This talk will summarize results from a three year investigation that was performed under a US FDA-BAA sponsored project (Grant 1U01FD007758-01). Over the past decade, biopharmaceutical manufacturers and the regulators have come to some level of consensus on a number of typical critical quality attributes that exist for a biotherapeutic product and the various analytical methods that can be used to monitor them. Demonstration of analytical and functional similarity of a biosimilar product to the respective innovator product is the foundation of a biosimilar manufacturer’s regulatory filing. A key challenge when performing these activities is that the excipients and species in the formulation interfere with the typical set of analytical and functional tools that are otherwise routinely used for characterization and comparability of drug substances.

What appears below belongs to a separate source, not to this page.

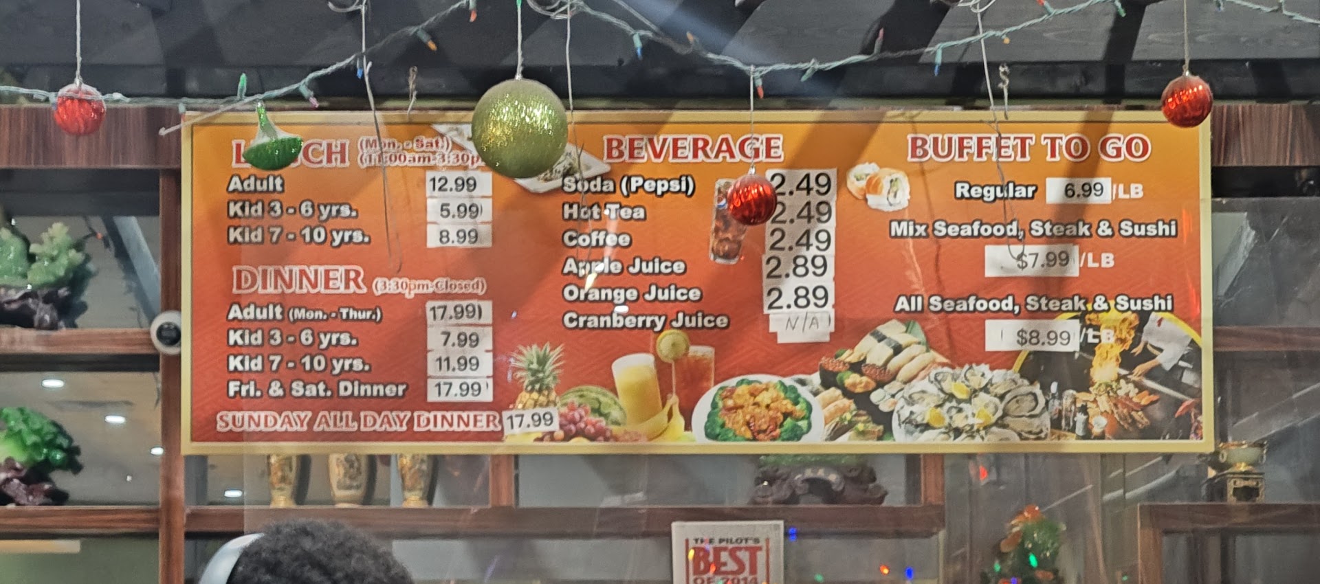 They do offer food for everyone from Chinese to seafood (fried and baked), sushi (limited and so so), soup, sweet potatoes and pizza, fresh fruit and dessert including ice cream (which our kids always loved picking out from the freezer like it was an ice cream truck).

As a result, the biosimilar manufacturers resort to a variety of approaches to isolate the biotherapeutic protein from the drug product formulation but this introduces an uncertainty about the impact of this isolation on product degradation and the results obtained thereafter. This talk will discuss the various challenges that a biosimilar manufacturer faces when performing analytical and functional comparability assessment of biosimilars. These include role of extraction of product from the drug product and interference of the various excipients in analysis using the various tools that are routinely used in this analysis.
Learning Objectives:
How does extraction of a protein from drug product impact protein structure?
Do excipients interfere with analytical and functional methods that are routinely used for analytical and functional comparability assessments
Are their analytical approaches that can effectively manage excipient interference?